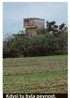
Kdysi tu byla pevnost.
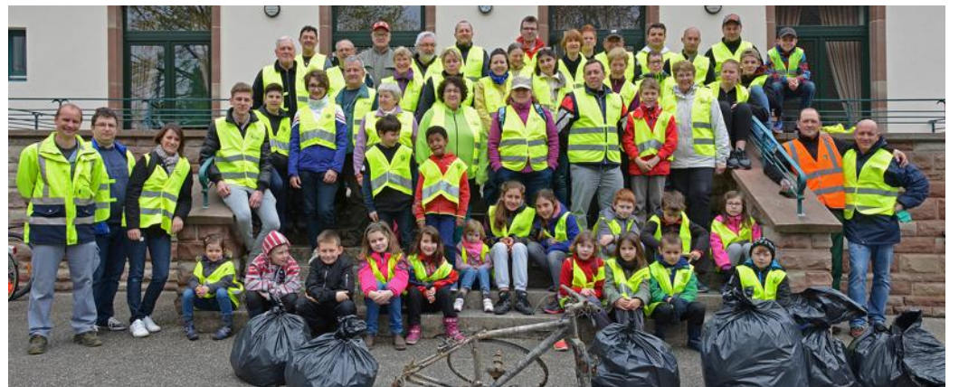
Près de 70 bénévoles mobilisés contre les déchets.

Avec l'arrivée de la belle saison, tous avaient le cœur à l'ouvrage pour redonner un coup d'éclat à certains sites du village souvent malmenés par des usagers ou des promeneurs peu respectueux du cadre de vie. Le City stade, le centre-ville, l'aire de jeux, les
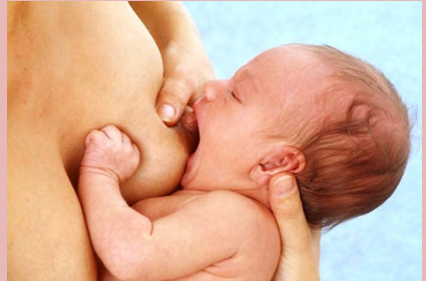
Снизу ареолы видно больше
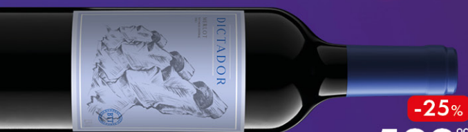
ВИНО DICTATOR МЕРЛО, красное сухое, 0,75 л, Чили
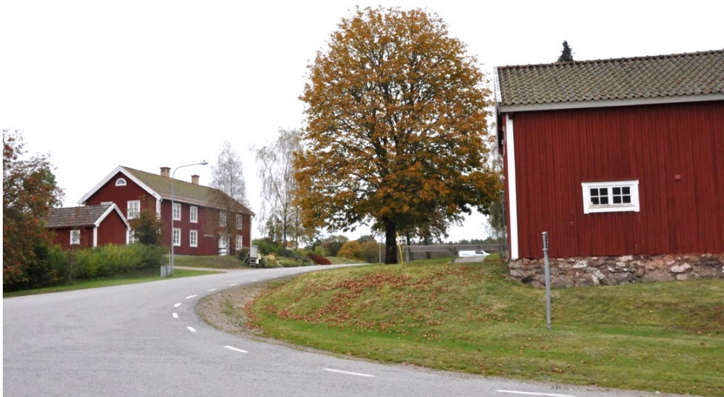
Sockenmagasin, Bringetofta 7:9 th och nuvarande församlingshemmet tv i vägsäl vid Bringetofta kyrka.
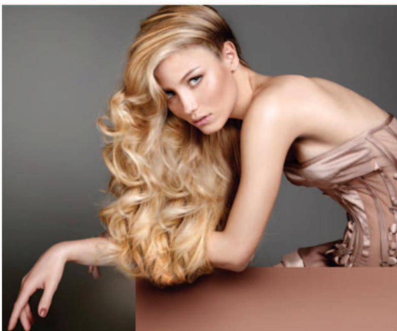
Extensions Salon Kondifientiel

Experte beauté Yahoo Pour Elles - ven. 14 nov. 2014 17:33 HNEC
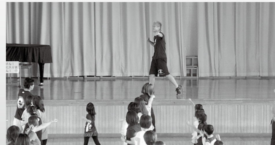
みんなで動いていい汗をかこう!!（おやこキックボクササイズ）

- _Task to carry out_
Repeat the material above exactly; any picture in it is left out.

- _Exercise solution_
Kdysi tu byla pevnost.
Près de 70 bénévoles mobilisés contre les déchets.

Avec l'arrivée de la belle saison, tous avaient le cœur à l'ouvrage pour redonner un coup d'éclat à certains sites du village souvent malmenés par des usagers ou des promeneurs peu respectueux du cadre de vie. Le City stade, le centre-ville, l'aire de jeux, les
Снизу ареолы видно больше
ВИНО DICTATOR МЕРЛО, красное сухое, 0,75 л, Чили
Sockenmagasin, Bringetofta 7:9 th och nuvarande församlingshemmet tv i vägsäl vid Bringetofta kyrka.
Extensions Salon Kondifientiel

Experte beauté Yahoo Pour Elles - ven. 14 nov. 2014 17:33 HNEC
みんなで動いていい汗をかこう!!（おやこキックボクササイズ）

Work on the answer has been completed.